Wakil HKTI Jatim Warsito juga mengatakan hal yang sama bahwa pemerintah harus tanggap dan cepat mengambil keputusan untuk melindungi lahan pertanian. “Kami hanya meminta peran aktif pemerintah terkait UU 41/2009 tentang LP2B Lahan Pangan Berkelanjutan, tentunya pemerintah harus bisa memproteksi agar lahan tersebut tidak berkurang,” ujar Warsito.
Terkait pencabutan subsidi pupuk, ia mengatakan pemerintah harus berani membalik sistem subsidi, dari subsidi tanam menjadi subsidi hasil. Dengan cara apapun, pemerintah harus bisa memberikan rasa aman dengan memberikan kepastian terjual.
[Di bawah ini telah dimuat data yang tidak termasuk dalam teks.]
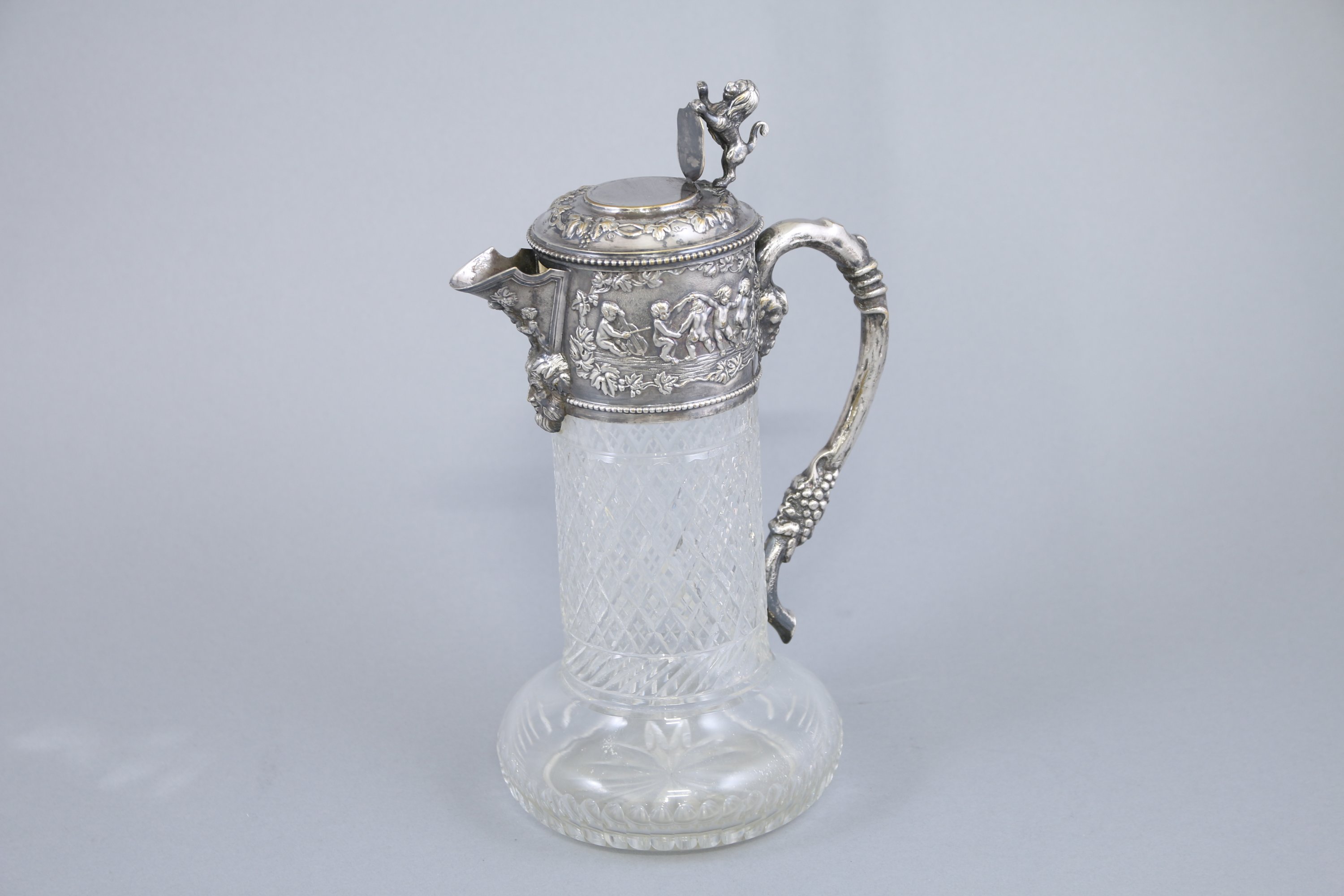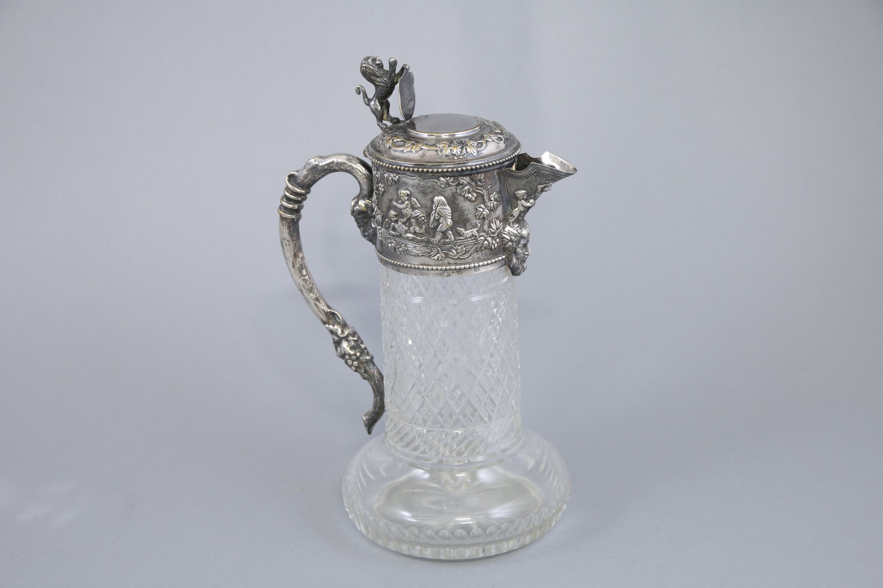 L'appui pouce en forme d'un lion au blason inscrit sur une terrasse à décor de frise de pampre. Le col cerclé est orné de deux cartouches aux amours et enfants dansant. La panse est décorée de losange. Une anse terminée par une grappe de raisin.

Pemerintah, ujarnya, harus bertanggung jawab untuk membeli seluruh hasil panen yang dihasilkan petani. Tetapi sampai hari ini bisa dilihat petani di Kota Batu sampai melempar sayurnya ke sungai. Ini fakta karena memang tidak ada pembelinya.
“Keberadaan Bulog harus digenjot agar petani selalu diuntungkan. Tidak seperti hari ini waktu tanam pupuknya sulit kalau ada pun dengan harga tinggi, disparitas terlalu tinggi. Tetapi saat panen pemerintah membuka kran impor sehingga itu tidak akan ketemu. Maka berharapan Kadin jatim dan senator dari Jatim membantu membalik sistem subsidi. Yang diberikan bukan lagi subsidi pupuk tetapi subsidi pasca panen,” tandas Warsito
Sementara dari sisi nelayan, Sekretaris HNSI Jatim Sutoyo M Muslih berharap berharap perbankan mau untuk menjadikan aset kapal yang mereka miliki bisa dijadikan jaminan. Karena untuk menjadi nelayan yang berkembang, dari menengah kecil ke nelayan besar membutuhkan investasi yang besar.
Sedangkan untuk persoalan ekspor, HNSI berharap pemerintah dan juga Kadin Jatim melalui Export Center Surabaya (ECS) bisa menjadi lembaga pengawas. “Makanya butuh pengawasan, kenapa harga rajungan jatuh tinggal 30 ribu, itu permainannya ada di luar negeri dan ini harus diawasi,” tegasnya.
Ketua Kadin Jatim Adik Dwi Putranto merasa sangat senang bisa menjembatani dan menjadi fasilitator semua pelaku pertanian, perkebunan dan kelautan untuk bisa bertemu, bersama-sama membahas tentang isu krisis pangan global.
“Saya sangat senang sebagai Ketua Umum Kadin Jatim bersama teman-teman KTNA, HKTI, HNSI membahas krisis pangan kedepan. Kita bahas betul-betul bagaimana caranya kita bisa menanggulangi krisis pangan. tentunya forum ini akan kita lanjutkan dan akan kita buat bulanan untuk bertemu dan menambahkan komunitas ini agar kita benar-benar mampu menciptakan ketahanan pangan yang tangguh di Jatim,” pungkasnya.(mad)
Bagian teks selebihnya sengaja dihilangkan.